I have a code that generates a CSV delimited by semicolon with no spacing and no headers. However, the CSV contains a series of strings and float values. The strings are folder names. The CSV data looks like this:
folder_a;folder_b;33.9
folder_b;folder_c;89.4
folder_a;folder_c;90.2
My end goal is to convert this set of csv data into an adjacency matrix so that I can input it into Scikit to do hierarchical clustering.

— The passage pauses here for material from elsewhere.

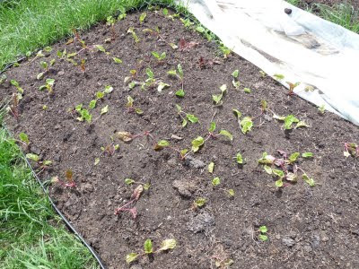 We tried starting a lot of greens inside, early, this year and they were mostly a failure. The one thing that seems to have made a good transition to the garden is the chard. We had it under the hoop house for a little while, but it is getting warmer and it seems to be settling in nicely, so it's been exposed to the elements for at least a week now. The leaves it had when it was planted are going to die off, but it is definitely forming new ones so while it doesn't look all that great I think it is actually fine, and we should have Swiss chard at least a month ahead of last year, in spite of the much slower start to this season.
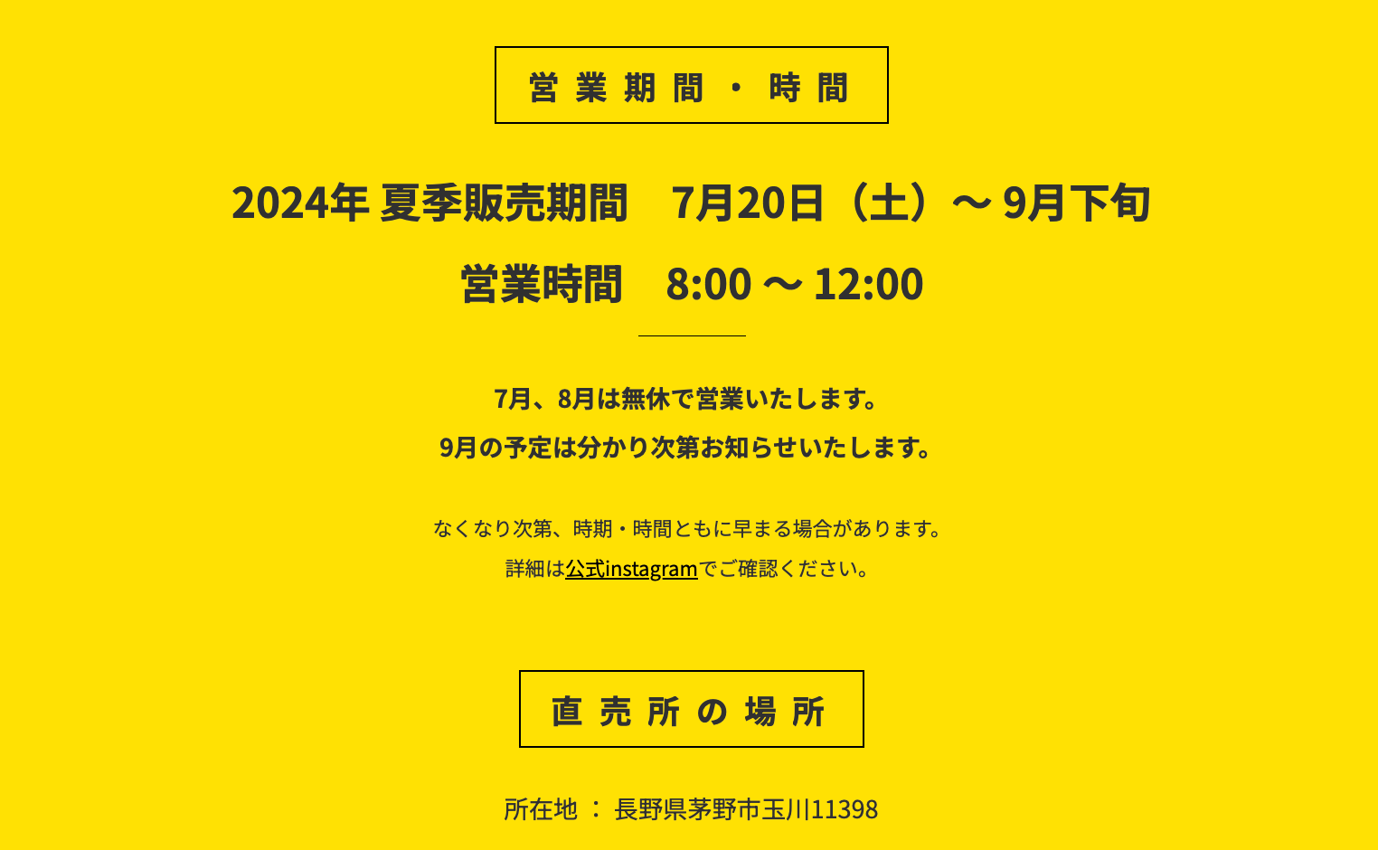 「超」がつくほどのド新鮮な朝採れの生とうもろこしを最高の状態で食べて欲しい!八ヶ岳にあるハマラノーエンの畑に採れたて超ド新鮮な生とうもろこしが味わえるハマラハウスは7月20日からオープンします。私たち生産者から直接ご購入いただけるほか、収穫体験などのメモリアルなイベントも開催いたします!SNSや当WEBサイトで開催日時をチェックしていただけると嬉しいです。畑周辺は景観も良く、魅力的なお店がいくつもあるエリアです。朝の清々しい空気を楽しみながらドライブ、ツーリング、散策ついでにぜひお立ち寄りください。

Each row of the CSV results records the folder names (folder_x and folder_y) and a corresponding value (you can think of it as edit distance percentage, which means normalization is not needed). In other words, the CSV data provides the values needed to fill in an adjacency matrix (or to be more specific, it is an minimum edit distance table):
ID | a | b | c |
---|---|---|---|
a | 0 | 33.9 | 90.2 |
b | 33.9 | 0 | 89.4 |
c | 90.2 | 89.4 | 0 |
I am not sure what is the approach I should be taking here. How should I convert those CSV data into an adjacency matrix that can be fed into Scikit? Note that the diagonals should always be 0 and the corresponding pairs of folders (e.g. (a,b) and (b,a)) should have the same values.
I am aware of a question at here (CSV to adjacency matrix) but it seems like the author really wanted to convert it to a normal array instead of an adjacency matrix.